**PROMPT:** Output each entry below as it stands, leaving out every picture.

══ TASK DATA

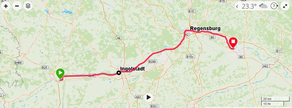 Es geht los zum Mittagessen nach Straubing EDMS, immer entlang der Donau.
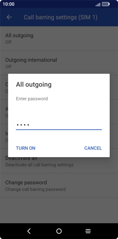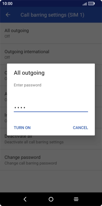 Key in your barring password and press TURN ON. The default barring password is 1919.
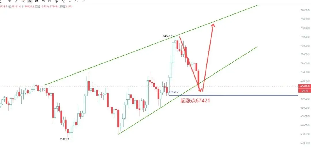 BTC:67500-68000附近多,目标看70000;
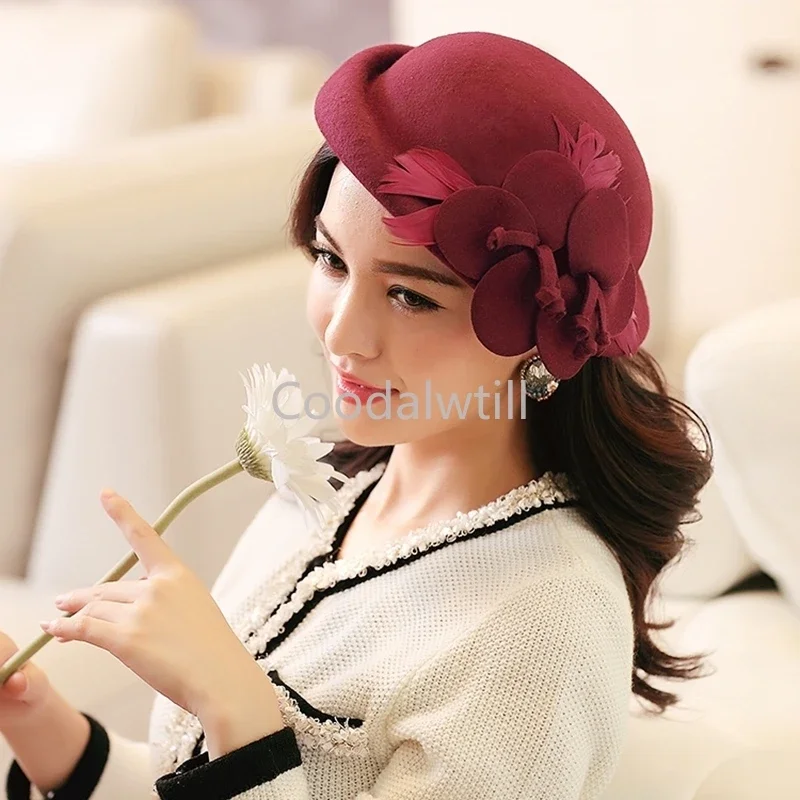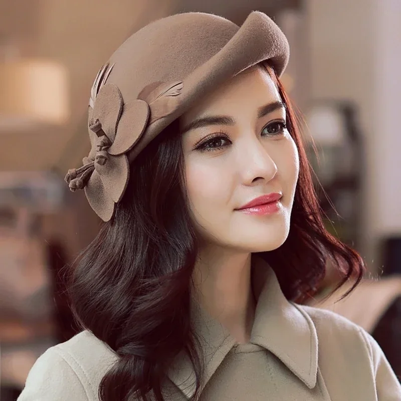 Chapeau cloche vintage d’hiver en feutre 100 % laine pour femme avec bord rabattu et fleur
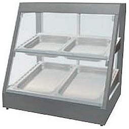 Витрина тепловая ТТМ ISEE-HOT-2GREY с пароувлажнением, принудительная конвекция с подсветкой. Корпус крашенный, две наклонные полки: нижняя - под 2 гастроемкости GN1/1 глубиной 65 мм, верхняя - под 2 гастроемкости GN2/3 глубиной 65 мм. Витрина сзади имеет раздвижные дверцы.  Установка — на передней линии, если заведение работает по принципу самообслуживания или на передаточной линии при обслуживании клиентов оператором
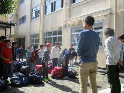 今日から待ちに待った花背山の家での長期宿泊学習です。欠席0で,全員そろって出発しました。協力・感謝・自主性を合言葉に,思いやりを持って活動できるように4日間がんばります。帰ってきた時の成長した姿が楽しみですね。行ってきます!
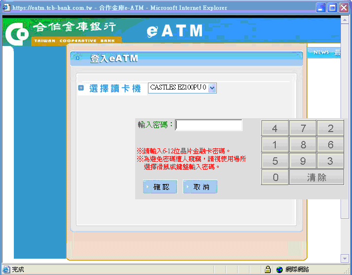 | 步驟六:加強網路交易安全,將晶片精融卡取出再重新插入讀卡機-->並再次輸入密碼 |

════

**SOLUTION FOR THIS PROBLEM:**
 Es geht los zum Mittagessen nach Straubing EDMS, immer entlang der Donau.
 Key in your barring password and press TURN ON. The default barring password is 1919.
 BTC:67500-68000附近多,目标看70000;
 Chapeau cloche vintage d’hiver en feutre 100 % laine pour femme avec bord rabattu et fleur
 Витрина тепловая ТТМ ISEE-HOT-2GREY с пароувлажнением, принудительная конвекция с подсветкой. Корпус крашенный, две наклонные полки: нижняя - под 2 гастроемкости GN1/1 глубиной 65 мм, верхняя - под 2 гастроемкости GN2/3 глубиной 65 мм. Витрина сзади имеет раздвижные дверцы.  Установка — на передней линии, если заведение работает по принципу самообслуживания или на передаточной линии при обслуживании клиентов оператором
 今日から待ちに待った花背山の家での長期宿泊学習です。欠席0で,全員そろって出発しました。協力・感謝・自主性を合言葉に,思いやりを持って活動できるように4日間がんばります。帰ってきた時の成長した姿が楽しみですね。行ってきます!
 | 步驟六:加強網路交易安全,將晶片精融卡取出再重新插入讀卡機-->並再次輸入密碼 |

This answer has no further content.